[Collected data entries]
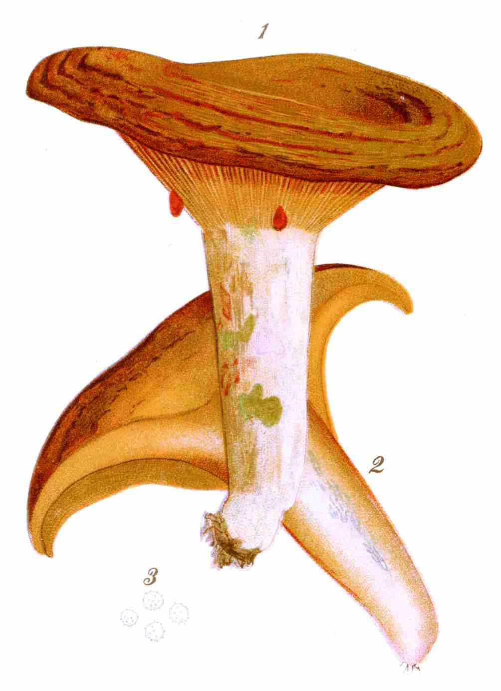 Mushroom gills, or lamellæ, anatomically considered, are composed, first, of a central portion, a prolongation of the hymenophore or flesh of the cap, more or less dense, sometimes so thin as to be scarcely perceptible; second, the hymenium or spore-bearing membrane covering the surfaces of this prolonged hymenophore. They are vertical, simple, equal, respectively, or more frequently alternating with shorter gills. They are often evanescent and putrescent, sometimes liquefying altogether. Their color is usually different from the upper surface of the cap, not always similar to that of the spores borne upon them, at least in youth; with age, however, they usually assume the color of the mature spore. The change of color of the gills according to the age of the plant is very important in the study of the Agaricini; it accounts for the white gills of certain species in youth, the pink in maturity, and the brown when aged.
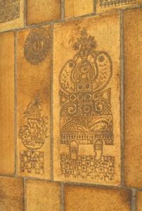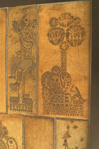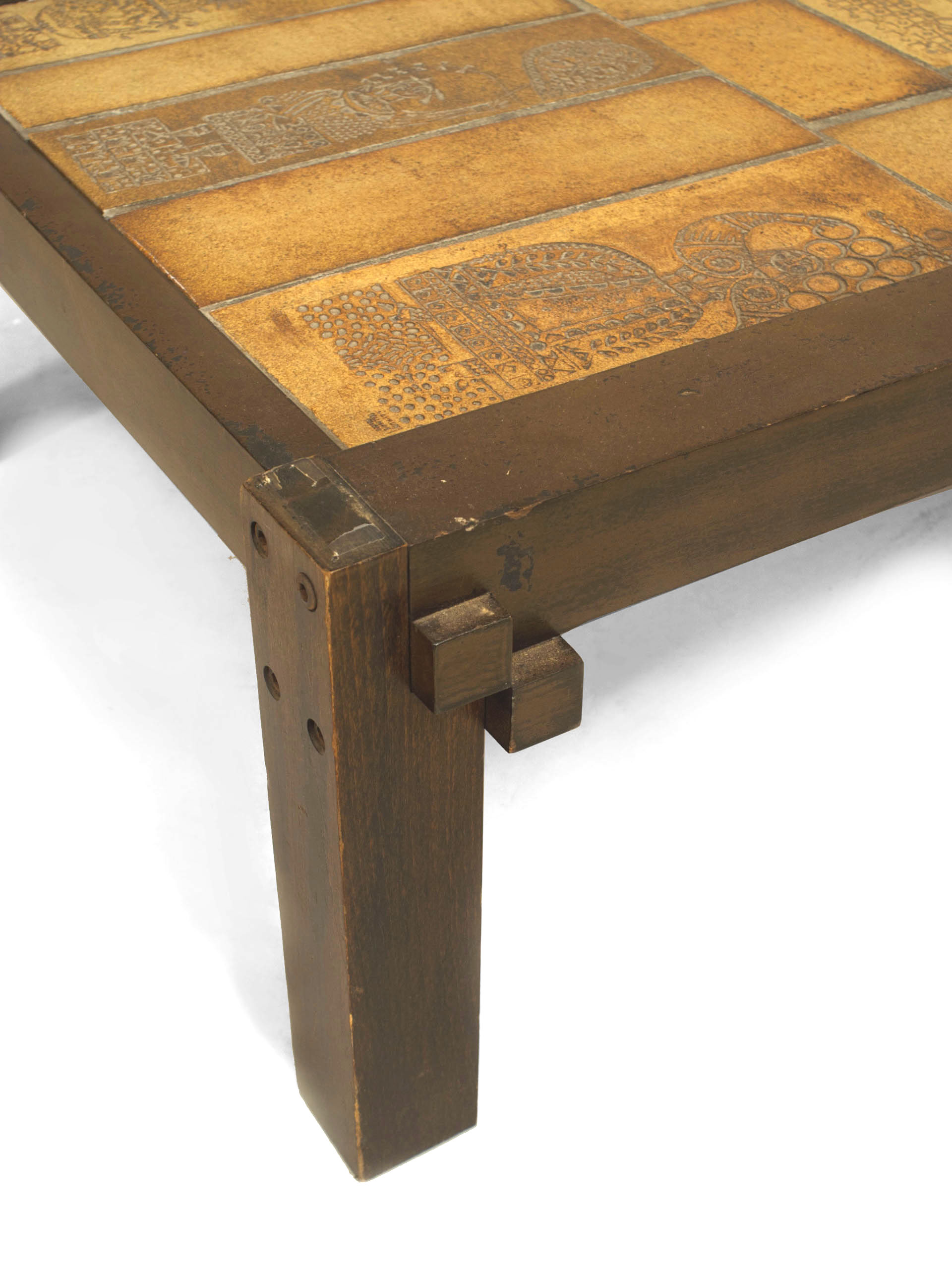 French Mid-Century (1960s) rectangular coffee table with a brown painted wood frame supporting a ceramic tile top decorated with stylized figures. (signed: ROGER CAPRON)
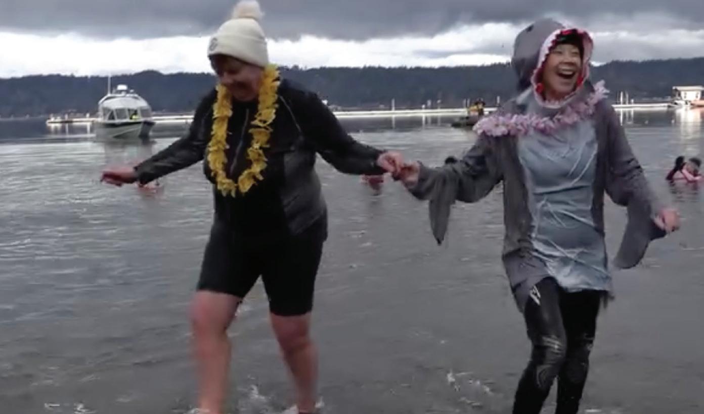 Many plunges support nonprofits or youth programs. Others, like the ones here, also help highlight winter tourism on Hood Canal. In addition to lodging at the Alderbrook for the plunge there, the Explore Hood Canal site has further listings of local hotels and short-term rentals, many with beach access.
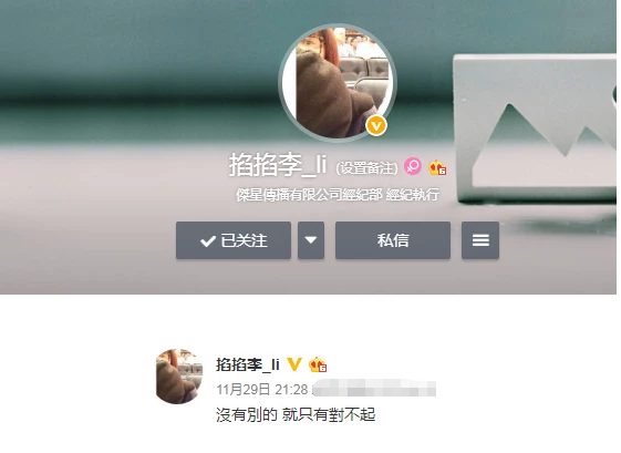 Tối ngày 29/11, người trợ lý luôn bên cạnh Cao Dĩ Tường đã cập nhật trạng thái mới nhất của mình. Cô chỉ viết ngắn gọn vài chữ: “Không có gì khác, chỉ có một lời xin lỗi“. Hiện tại hashtag Trợ lý Cao Dĩ Tường đăng bài đã đứng ở vị trí số 1 trên hotsearch.
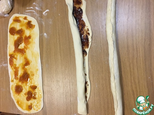 Раскатать тесто длинными широкими полосками, на каждую нанести начинку, аккуратно, оставляя у одного длинного края 0,5 см для защипа
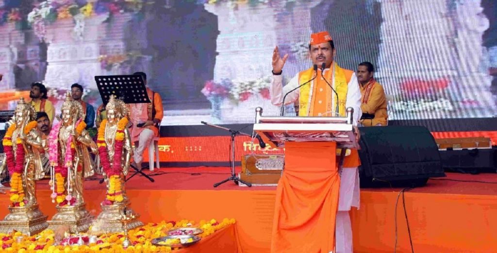 अयोध्या येथे पंतप्रधान नरेंद्र मोदी यांच्या हस्ते राम मंदिराचे लोकार्पण होवून गर्भगृहात राम लल्ला विराजमान होणाऱ्या क्षणाचे साक्षीदार होत असल्याचा अभिमान आहे. हा क्षण रामनगर येथील राम मंदिराच्या परिसरात लावण्यात आलेल्या भव्य स्क्रीनवर बघण्यासाठी फडणवीस उपस्थित होते. या सोहळ्यानिमित्त आयोजित कार्यक्रमात मार्गदर्शन करताना ते बोलत होते.
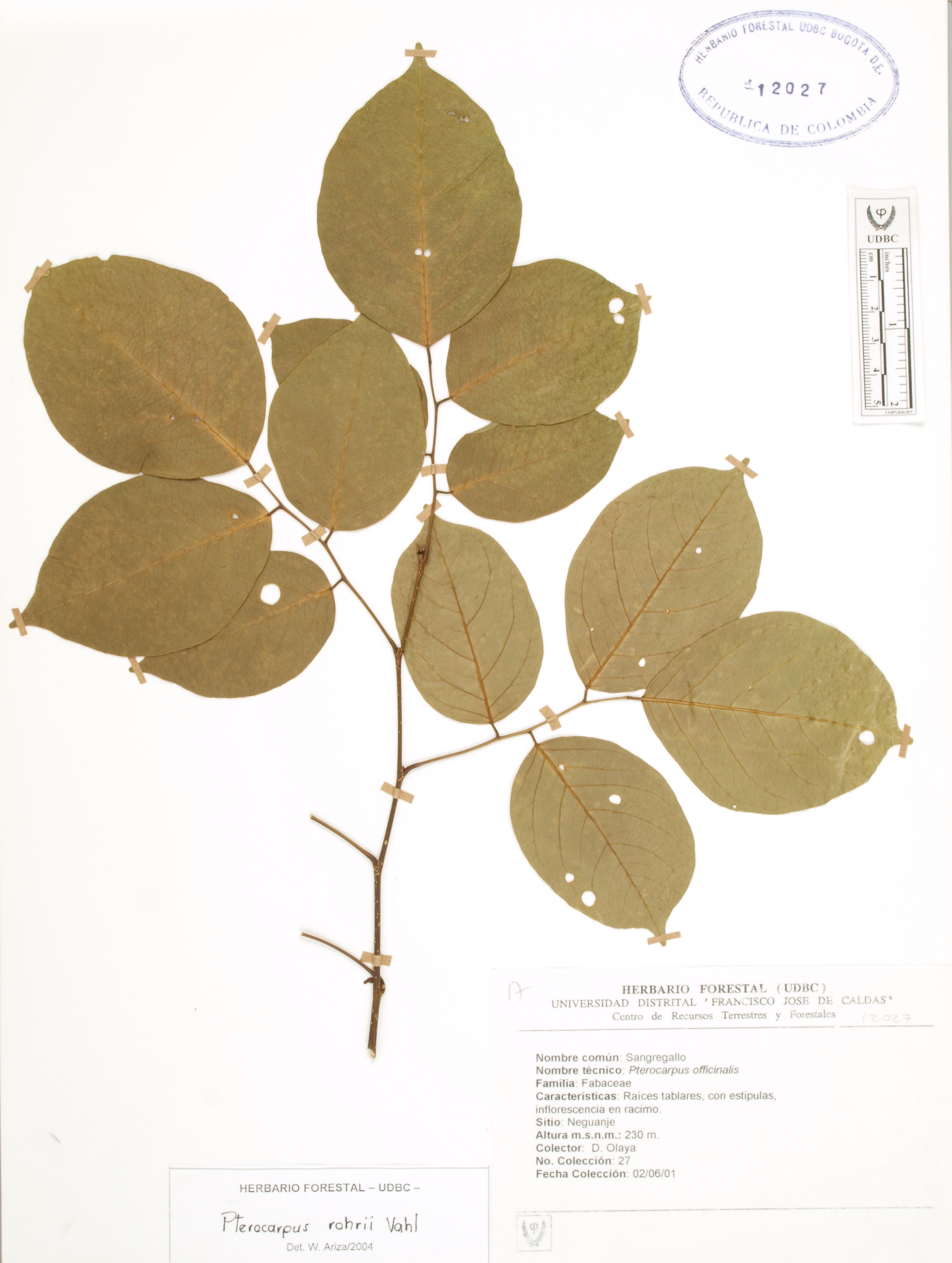 Fotografía del ejemplar Olaya, D. 27, determinado como Pterocarpus rohrii en el año 2004
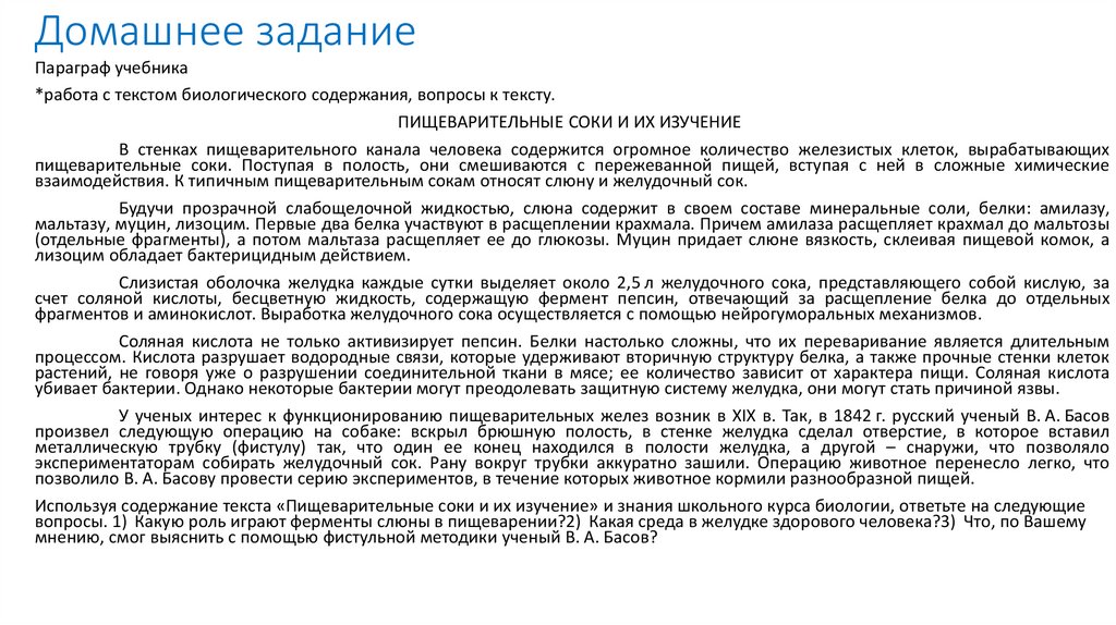 Используя содержание текста «Пищеварительные соки и их изучение» и знания школьного курса биологии, ответьте на следующие
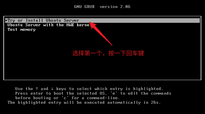 2. 进入安装界面,选择第一个Try or Install Ubuntu Server,然后按一下回车/:
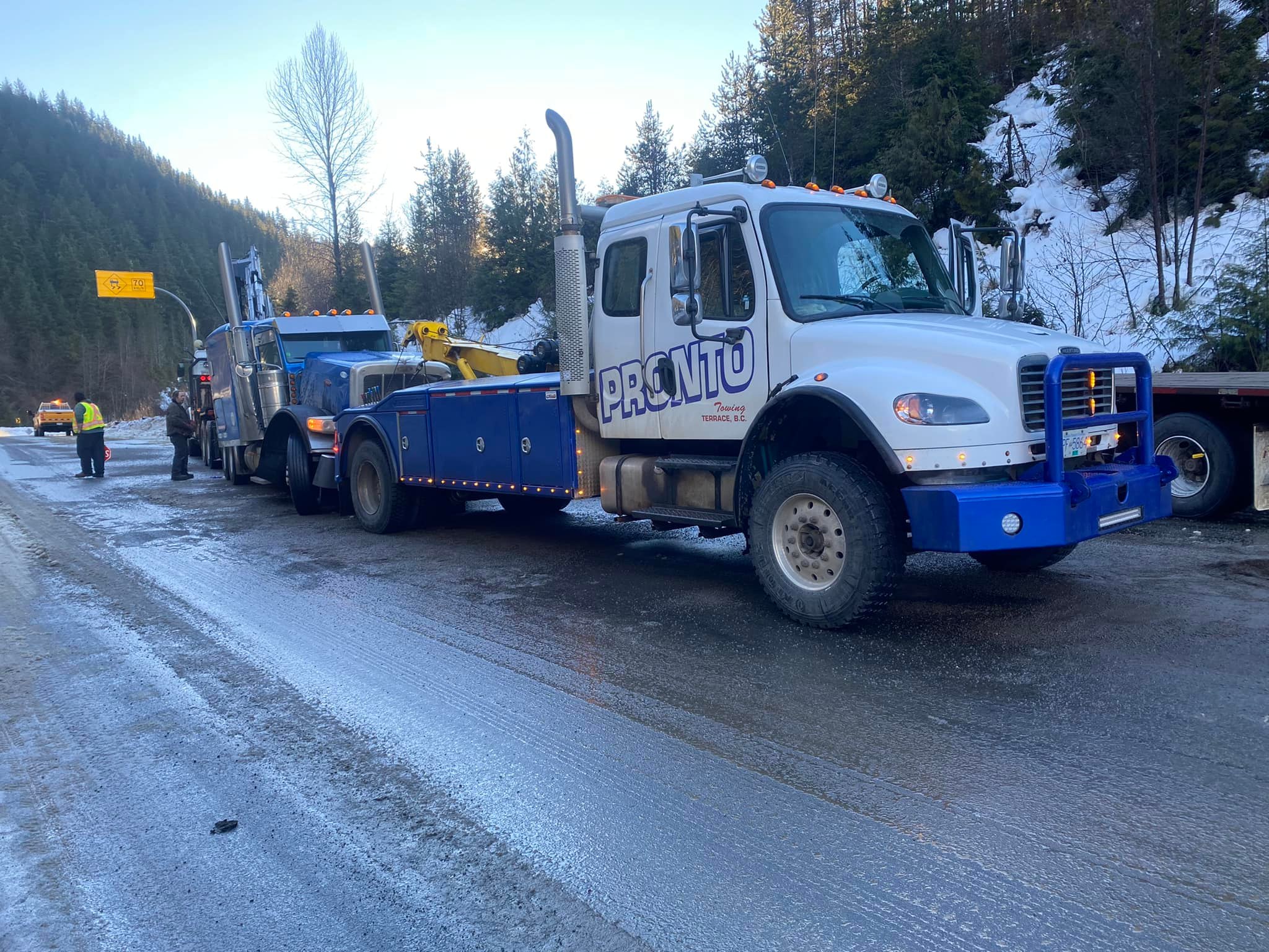 Pronto Towing has proudly served Terrace, Kitimat, and the Northern BC region since the early 1980s, offering top-tier towing and roadside assistance services. With over 45 years of experience, our team specializes in everything from emergency towing and battery boosts to heavy-duty and long-distance vehicle recovery. We’re a fully licensed and insured company, working with trusted partners like ICBC and BCAA. Whether you’re a stranded motorist or a commercial driver in need of fast, safe service, Pronto Towing is here to help.
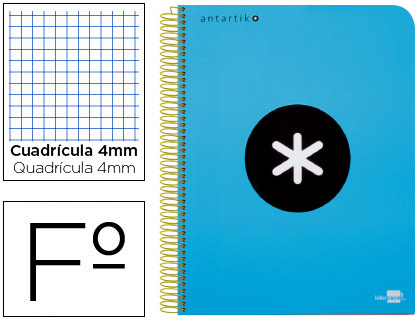 • CUADERNO ESPIRAL LIDERPAPEL ANTARTIK FOLIO TAPA PLASTICO 80H 100GR CDL 4MM AZUL
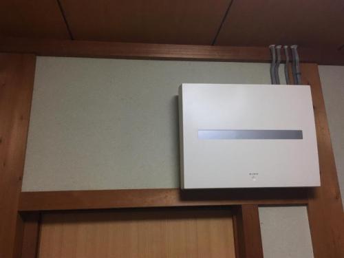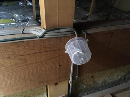露出配線されていた部分は天井裏に入った際に壁裏を通して配線を見えなくし、穴部分も補修します。
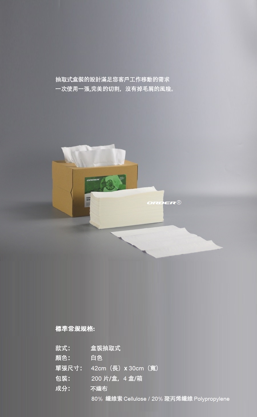 成分: 不織布 80% 纖維素 Cellulose / 20% 聚丙烯纖維 Polypropylene
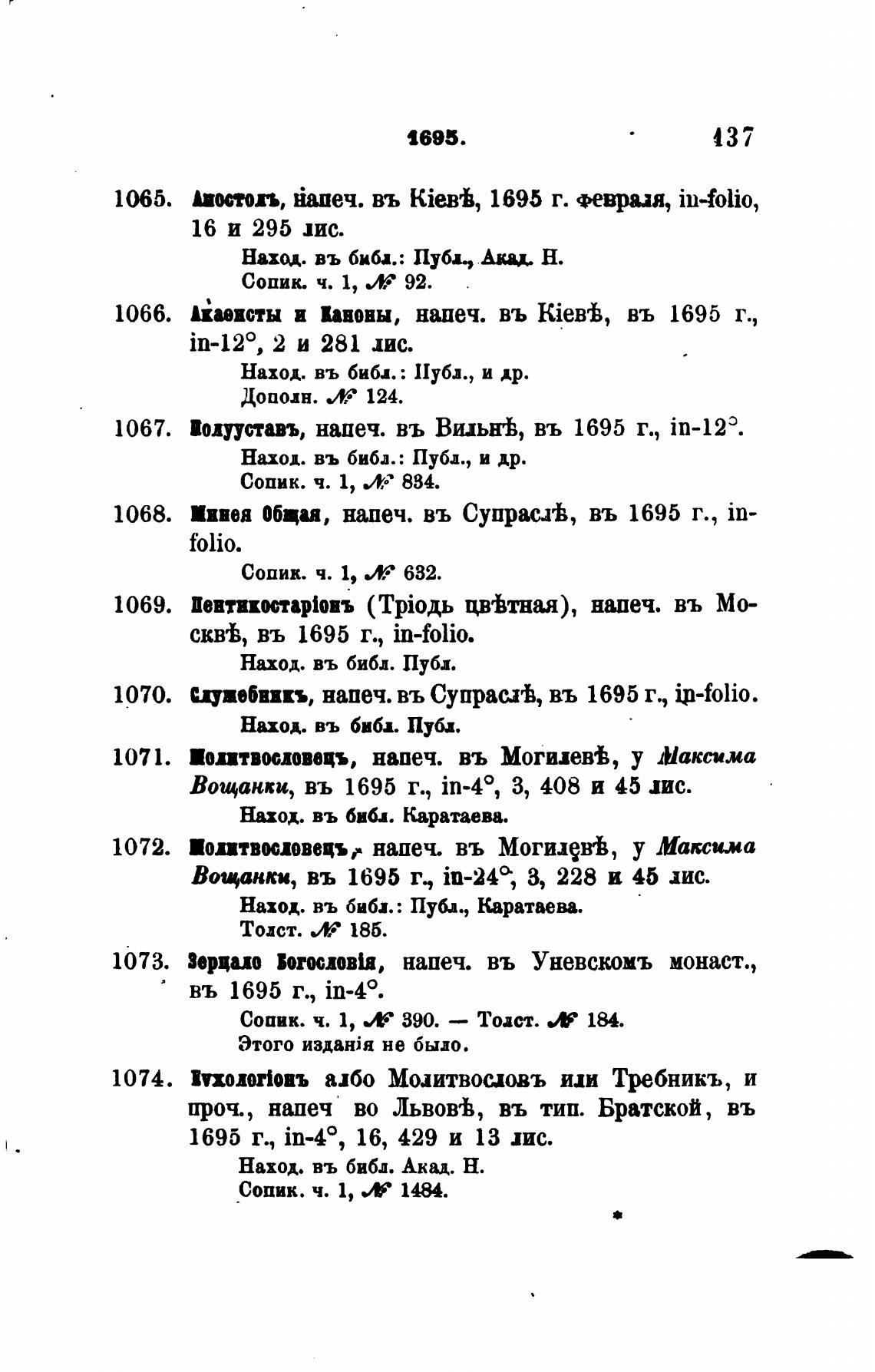 ешебввкъ, напеч. въ Супрас.й, въ 1695 г., ip-folio.
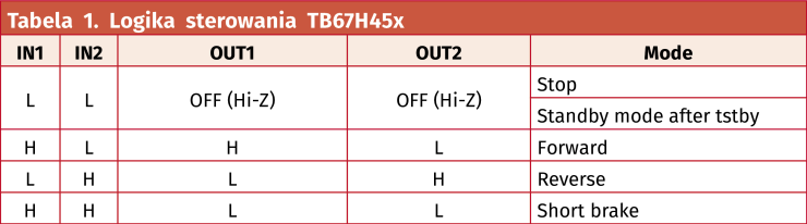 Pełne sterowanie mostkiem umożliwia uzyskanie czterech stanów pracy: obroty w przód, tył, hamowanie i zatrzymanie wirnika. Logikę sterowania wyprowadzeń IN1,2 zaprezentowano w tabeli 1.

◆ Exercise prompt: Please write out, word for word, each line from the one with "CDL 4MM AZUL" to the last line of the data, keeping both ends and omitting pictures.

◆ Output of the exercise:
 • CUADERNO ESPIRAL LIDERPAPEL ANTARTIK FOLIO TAPA PLASTICO 80H 100GR CDL 4MM AZUL
露出配線されていた部分は天井裏に入った際に壁裏を通して配線を見えなくし、穴部分も補修します。
 成分: 不織布 80% 纖維素 Cellulose / 20% 聚丙烯纖維 Polypropylene
 ешебввкъ, напеч. въ Супрас.й, въ 1695 г., ip-folio.
 Pełne sterowanie mostkiem umożliwia uzyskanie czterech stanów pracy: obroty w przód, tył, hamowanie i zatrzymanie wirnika. Logikę sterowania wyprowadzeń IN1,2 zaprezentowano w tabeli 1.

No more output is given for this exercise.